Produced in late 2006-early 2007, The Fourteen Minute Gap is the first short documentary I made. I had previously done short promotional pieces for my employ, the Mary Ferrell Foundation, but this was the first time I took an actual story from the Foundation’s archive (the MFF is a historical research site, specifically centered around the JFK Assassination and other controversial stories in modern American history) and made it into something alive.
In retrospect, what I was doing was my first stab at (very primitive) transmedia. The Fourteen Minute Gap was designed as a gateway into multiple stories in the Foundation’s archive. The story of the Gap, an erased Lyndon Johnson telephone call between the new president and J. Edgar Hoover, director of the FBI, on the morning after JFK’s murder in Dallas, opened up other rabbit holes like Lee Harvey Oswald’s trip to Mexico City and Lyndon Johnson’s strong-arming of what would become the Warren Commission (which found that Oswald acted alone – for the record, I don’t believe that for a second). I intended there to be other shorts from this film, but unfortunately, I never had the time or money to make them.

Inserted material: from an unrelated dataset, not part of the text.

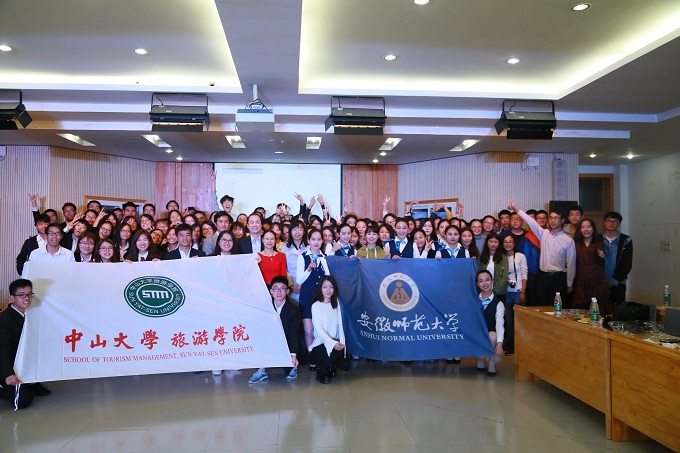 晚上19:00,当夜幕降临的时候,中山大学旅游学院师生受邀参加中山大学-安徽师范大学本科生校际联谊会。中山大学旅游管理与规划系主任左冰副教授、副主任刘逸博士、国旅学院党委副书记乔静等领导老师出席了联谊会,两校学生相间而坐,以更加轻松活泼的形式深入交流。两校2015级旅游管理专业的班长分别为对方佩戴上自己学校的校徽,象征着长江之滨的师大学子和珠江之畔的中大学子结成互信互助的朋友。随后,两校师生将精心准备的文艺节目一一呈现,国旅学院精心准备的茶艺节目《高山流水》博得满堂彩,一壶清茶用以招待远方来访的朋友;安徽师范大学礼仪队的姑娘们踏着音乐的节拍展示出我校学生的礼仪风采,引出掌声经久不息;中山大学旅游学院的同学们带来了粤语经典歌曲《红日》、法语歌曲《Je M’appelle Hélène》和英文歌曲《Radioactive》,观众的节拍合着旋律的起伏,气氛热烈。联谊会在中山大学旅游管理与规划系副主任、硕士生导师刘逸老师和我校国旅学院团委副书记吴辉老师合作的吉他弹唱《外面的世界》中达到了高潮。当两校师生合唱安徽师范大学校歌和中山大学校歌时,联谊会在动人的氛围中缓缓落幕。

What I set out to do was to avoid the History Channel “survey” course of the Kennedy assassination. Every program centers around the question, “was there a conspiracy to kill Kennedy,” and offers both sides of the story, without really saying anything or going too deep into the political ramifications of the event (more than just bullets and forensics). I operated with the idea that I don’t care who killed Kennedy. I was more interested in the why, the political climate of the time, and telling a story that was a microcosm not of the politics of stage or icons, but of men with power doing stupid things and covering up their screw-ups.
Speaking of screw-ups, whoever erased this call has nothing on Rosemary Woods (of the more famous Nixon 18-minute gap). While they erased the audio of the call, they didn’t destroy the transcript, which provided most of the material and structure of the film itself.

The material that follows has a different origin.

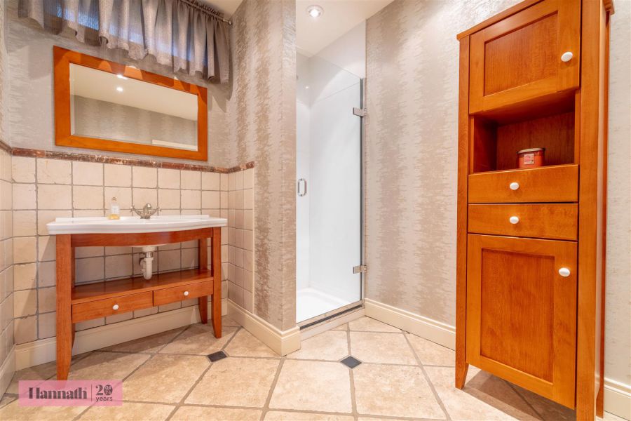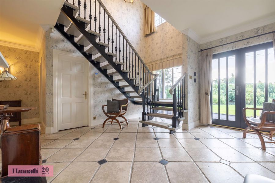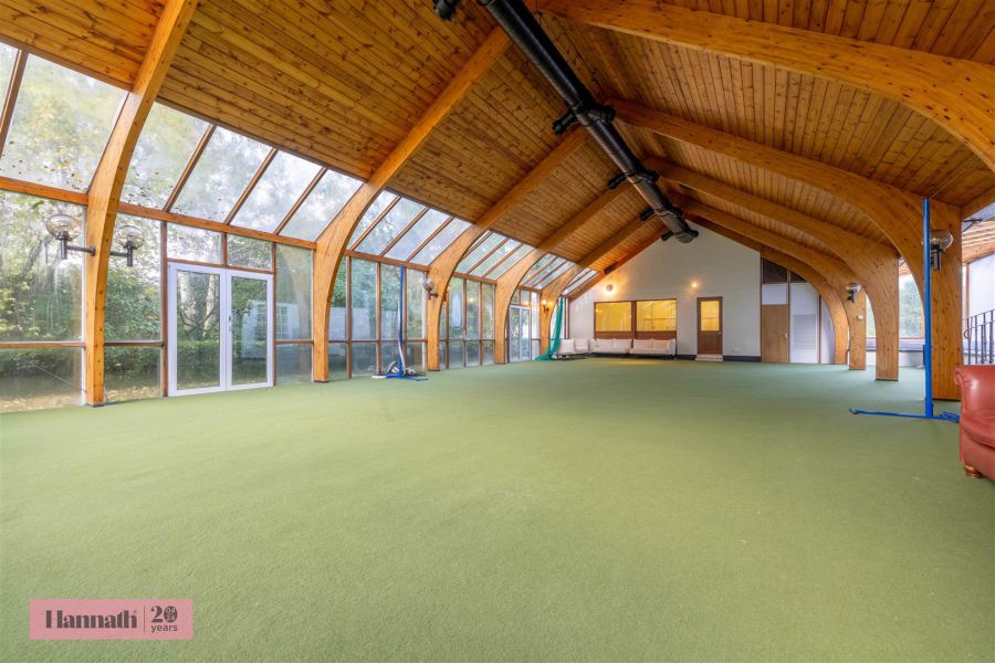 Hannath are delighted to welcome this beautifully presented five bedroom detached family home set on private grounds with a triple garage, indoor squash court, large entertainment area and two large workshops/sheds with office and w.c..

The other important element of The Gap was that my colleague at the Foundation, Rex Bradford, was the one to discover this particular conversation had been erased. For two years, Rex had engaged the LBJ Library back and forth until finally, they admitted that the tape had been purposefully erased. When Rex tried to take this story to the media – with irrefutable evidence and confession – he was told by USA Today, “my editor keeps telling me to write good news, and I don’t think this qualifies.”
With the human element of Rex’s discovery, and the story of Oswald mixing together, I was able to construct the film with two parallel narratives, of Rex’s tale about his discovery of the erasure and the story of Oswald’s trip to Mexico City, ultimately tying both together in the end when I revealed the audio and transcript of the call in a minute-long sequence using image, type, and tape hiss.
My budget for this film was one hundred dollars. I couldn’t afford the rights to any footage of Kennedy, so I had to use entirely public domain footage, stringing it together to make some sort of narrative. My initial plan was to have the entire Oswald story told through phone calls and image without narration, but I was shot down on that – possibly for the better.
This project was a crash course in editing. I had to learn to assemble what was essential a documentary collage, making it emotional, intriguing, and factually accurate, while at the same time making it accessible to anyone with a passing interest in history. It was no easy feat, but in the end, I’m proud of the film. Would I change things now? Oh hell yes. This film is nearly five years old. But, it does tell a good story, premiered in Dallas and Prague in 2007, and still gets comments on YouTube (even though I’ve done nothing to promote it in over three years).
What was the most important thing I learned and hoped to convey with this film? That history is NOT a survey course. It’s living, breathing, and shapes today more than we give it credit for. It may be cliché, but it’s true: those who don’t study the past are doomed to repeat its mistakes.
This was just my little part of making the past a good yarn.